[Data records]
━━━━
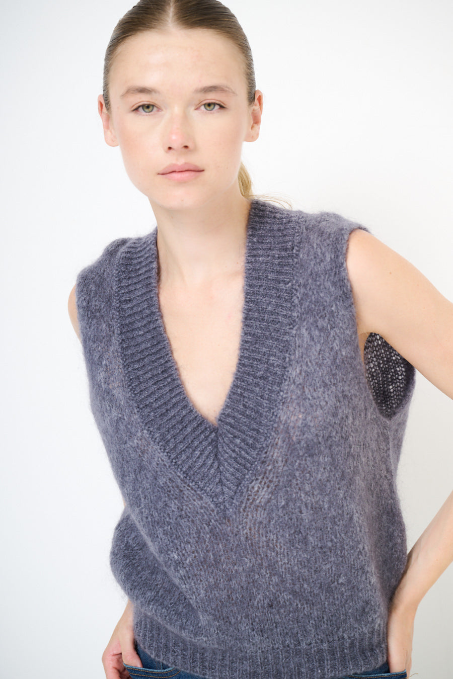 Sleeveless Fuzzy Munce profondo Vestro a V Neck Wholesale
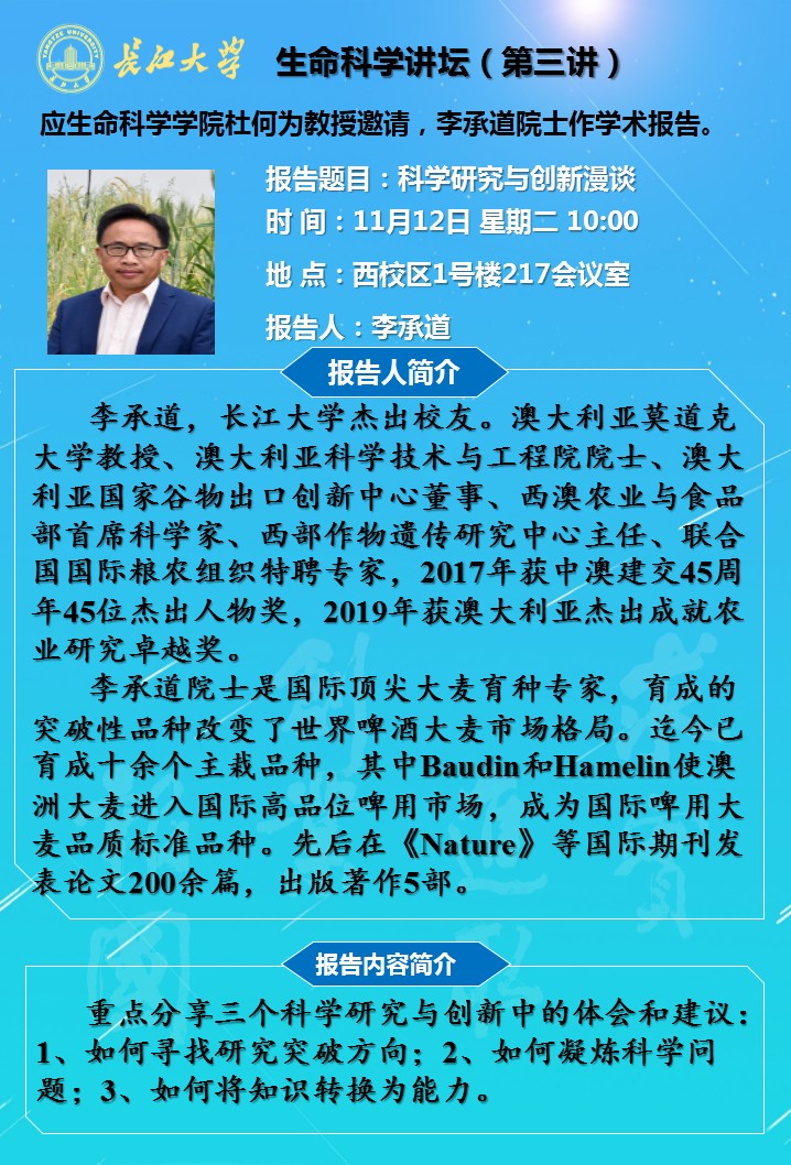生命科学讲坛(第三讲):科学研究与创新漫谈
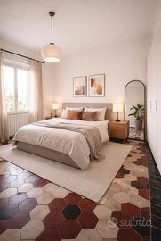Vendesi splendido pavimento d’epoca originale in cementine esagonali risalenti ai primi del Novecento, rimosse da una camera di circa 16 mq. Il lotto è composto dai classici esagoni bicolore (rosso antico e beige) con cuore scuro, completi della loro bordura perimetrale nera originale (pezzi rettangolari visibili in foto), molto rara da trovare integra. Dettagli tecnici: • Quantità: circa 16 metri quadrati. • Stato: Ottimo stato di conservazione, superficie integra senza crepe profonde. • Condizioni di vendita: Le mattonelle vengono fornite già smontate con cura (non dovrete occuparvi della rimozione). • Pulizia: Il retro conserva residui di malta d'epoca, facilmente asportabili per la nuova posa. Perfette per ristrutturazioni di pregio, casali, o per creare tappeti decorativi in ambienti moderni. Scrivimi in privato prima dell’acquisto.
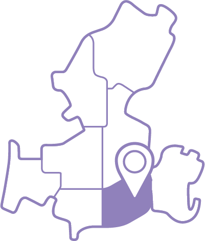 学校や図書館、文化会館などの教育施設が集まる地域。
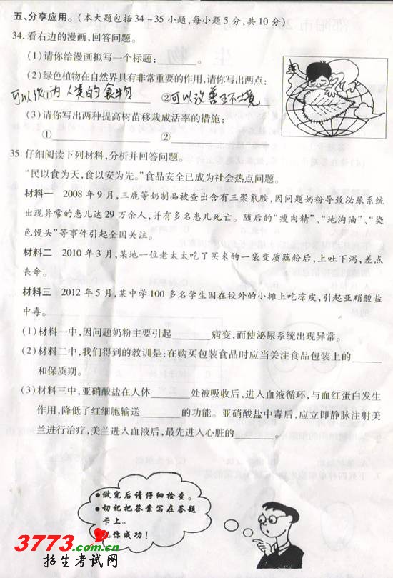 2012年邵阳市中考生物试题及答案
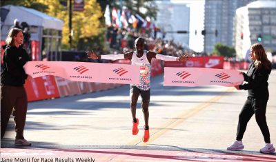 CHICAGO (12-Oct) — Uganda’s Jacob Kiplimo and Ethiopia’s Hawi Feysa dominated today’s 47th Bank of America Chicago Marathon, recording fast winning times of 2:02:23 and 2:14:56, respectively. Kiplimo, 24, running in only his second marathon, was on world record pace through 35-K, but slowed in the final kilometers and had to settle for the win and the second-fastest time ever at Chicago. He was also the race’s first Ugandan winner. Feysa, 26, ran nearly identical halves of 67:30 and 67:26 to set a personal best of 2:14:56 and got her first-ever Abbott World Marathon Majors title. Both winners won $100,000 in prize money.
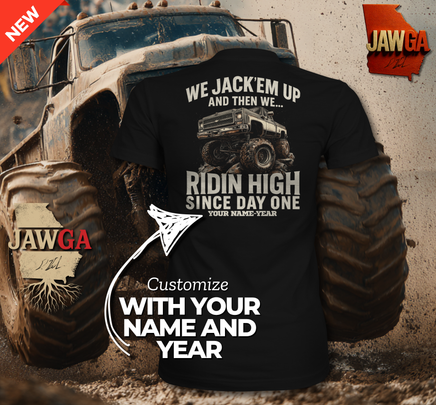 The Jawga Ridin High Custom Ladies T-Shirt lets you make it personal while repping true southern roots. Featuring the bold slogan “We Jack’em Up and Then We... Ridin High Since Day One,” this shirt celebrates lifted truck life and Jawga heritage with attitude. Each shirt can be customized with your name and the year you started listening to the Jawga Boyz, printed right on the design. Built on the premium Gildan 64000L for comfort, style, and durability—it’s made for country girls who ride high and live proud.
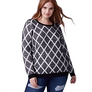 Lane Bryant Black White Diamond/Chevron Pattern Sweater
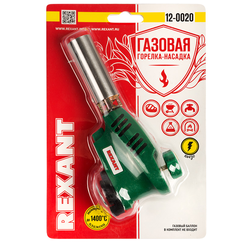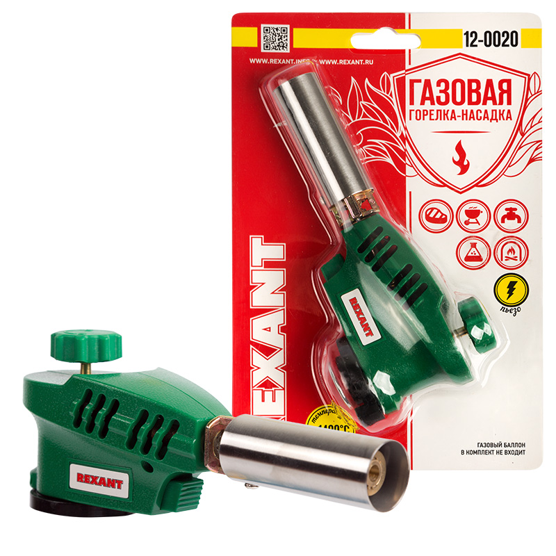 Газовая горелка-насадка REXANT GT-20 с пьезоподжигом. Благодаря наличию пьезоподжига, такой горелкой удобно пользоваться одной рукой. Рекомендуется для работы с термоусаживаемыми трубками, перчатками, муфтами; для плавления и сварки изделий из пластиков и стекла; удаления краски; обработки поверхностей на производстве и в лабораторных условиях; для разморозки замков, водопроводных труб, продуктов; для копчения продуктов или карамелизации десертов; для украшения процесса подачи блюд; для работ в саду и огороде, для быстрого и экологичного поджига дров, угля.
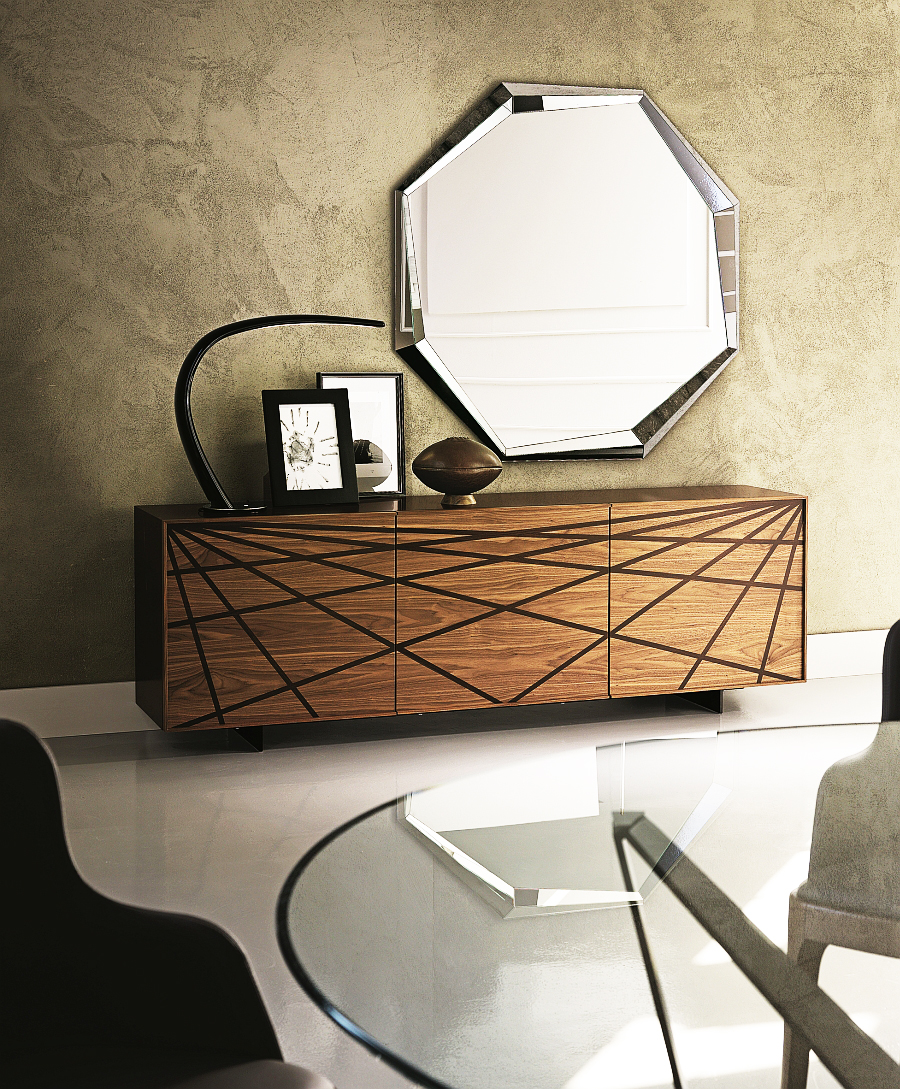 Adoptez le buffet La Marquise, au design contemporain et géométrique pour ajouter une touche de contraste avec votre intérieur sobre et épuré. Ce dernier comprend 3 volets à portes battantes. La finition des lignes est délicate et raffinée
━━━━
The task:
Keep the pictures out and transcribe the entries exactly.

Solved exercise:
 Sleeveless Fuzzy Munce profondo Vestro a V Neck Wholesale
生命科学讲坛(第三讲):科学研究与创新漫谈
Vendesi splendido pavimento d’epoca originale in cementine esagonali risalenti ai primi del Novecento, rimosse da una camera di circa 16 mq. Il lotto è composto dai classici esagoni bicolore (rosso antico e beige) con cuore scuro, completi della loro bordura perimetrale nera originale (pezzi rettangolari visibili in foto), molto rara da trovare integra. Dettagli tecnici: • Quantità: circa 16 metri quadrati. • Stato: Ottimo stato di conservazione, superficie integra senza crepe profonde. • Condizioni di vendita: Le mattonelle vengono fornite già smontate con cura (non dovrete occuparvi della rimozione). • Pulizia: Il retro conserva residui di malta d'epoca, facilmente asportabili per la nuova posa. Perfette per ristrutturazioni di pregio, casali, o per creare tappeti decorativi in ambienti moderni. Scrivimi in privato prima dell’acquisto.
 学校や図書館、文化会館などの教育施設が集まる地域。
 2012年邵阳市中考生物试题及答案
 CHICAGO (12-Oct) — Uganda’s Jacob Kiplimo and Ethiopia’s Hawi Feysa dominated today’s 47th Bank of America Chicago Marathon, recording fast winning times of 2:02:23 and 2:14:56, respectively. Kiplimo, 24, running in only his second marathon, was on world record pace through 35-K, but slowed in the final kilometers and had to settle for the win and the second-fastest time ever at Chicago. He was also the race’s first Ugandan winner. Feysa, 26, ran nearly identical halves of 67:30 and 67:26 to set a personal best of 2:14:56 and got her first-ever Abbott World Marathon Majors title. Both winners won $100,000 in prize money.
 The Jawga Ridin High Custom Ladies T-Shirt lets you make it personal while repping true southern roots. Featuring the bold slogan “We Jack’em Up and Then We... Ridin High Since Day One,” this shirt celebrates lifted truck life and Jawga heritage with attitude. Each shirt can be customized with your name and the year you started listening to the Jawga Boyz, printed right on the design. Built on the premium Gildan 64000L for comfort, style, and durability—it’s made for country girls who ride high and live proud.
 Lane Bryant Black White Diamond/Chevron Pattern Sweater
 Газовая горелка-насадка REXANT GT-20 с пьезоподжигом. Благодаря наличию пьезоподжига, такой горелкой удобно пользоваться одной рукой. Рекомендуется для работы с термоусаживаемыми трубками, перчатками, муфтами; для плавления и сварки изделий из пластиков и стекла; удаления краски; обработки поверхностей на производстве и в лабораторных условиях; для разморозки замков, водопроводных труб, продуктов; для копчения продуктов или карамелизации десертов; для украшения процесса подачи блюд; для работ в саду и огороде, для быстрого и экологичного поджига дров, угля.
 Adoptez le buffet La Marquise, au design contemporain et géométrique pour ajouter une touche de contraste avec votre intérieur sobre et épuré. Ce dernier comprend 3 volets à portes battantes. La finition des lignes est délicate et raffinée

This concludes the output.